There’s criticism too, of course. Pavco-Giaccia has already heard people say that LabCandy trivializes science and girls by responding to one stereotype — the nerdy, old  male scientist — and replacing it with another: a frivolous girl who can only be tricked into engaging in serious issues with distractions like fashion. “That’s not what we’re saying at all,” Pavco-Giaccia says. “But I do think that there’s a real barrier in terms of letting girls think that science is an option. Sometimes science can look so scary and foreign from the outside that girls don’t even want to approach it. What we’re doing is making science more approachable and relatable. The goggles might get them there, but the science is what keeps them there.”
Pavco-Giaccia didn’t have jewel-encrusted eye gear when she attended the Potomac School in McLean, Va., but she had something vastly more important: strong female mentors. Mary Cahill, her sixth-grade science teacher, clearly loved her chosen field and conveyed her own excitement to her students. “Up until that point, all of my teachers had been male. I don’t know if I ever really consciously recognized that, but it was definitely a factor in my decision making,” Pavco-Giaccia recalls. “It made me feel that what they did was not something that I could do. But Ms. Cahill challenged me and she was enthusiastic, and suddenly science became not just a boy’s subject. It became my subject.”

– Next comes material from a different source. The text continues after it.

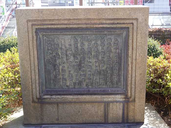 親シク街衢ノ復興ヲ曫ハセ給フ。乃テ石ヲ此處ニ樹テ以テ 聖恩ヲ不朽ニ傳ヘントス。」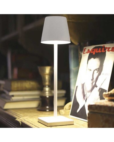 Portable table lamp with built-in 3.5W LED. 2600mAh USB-C 5V type rechargeable battery in 4-6 hours, so you don't have to use cables and take it wherever you want. Suitable for indoor and outdoor use with IP54.

Pavco-Giaccia still remembers the details of assignments from Ms. Cahill’s class. “She had a collection of sand from all these different beaches all over the world,” Pavco-Giaccia says, describing one of her favorite projects. “She would ask her old students to bring back sand from beaches they visited over vacation. We learned to use microscopes looking at all these different types of sand under the microscope. And we’d see how sand from all over the world looked different.”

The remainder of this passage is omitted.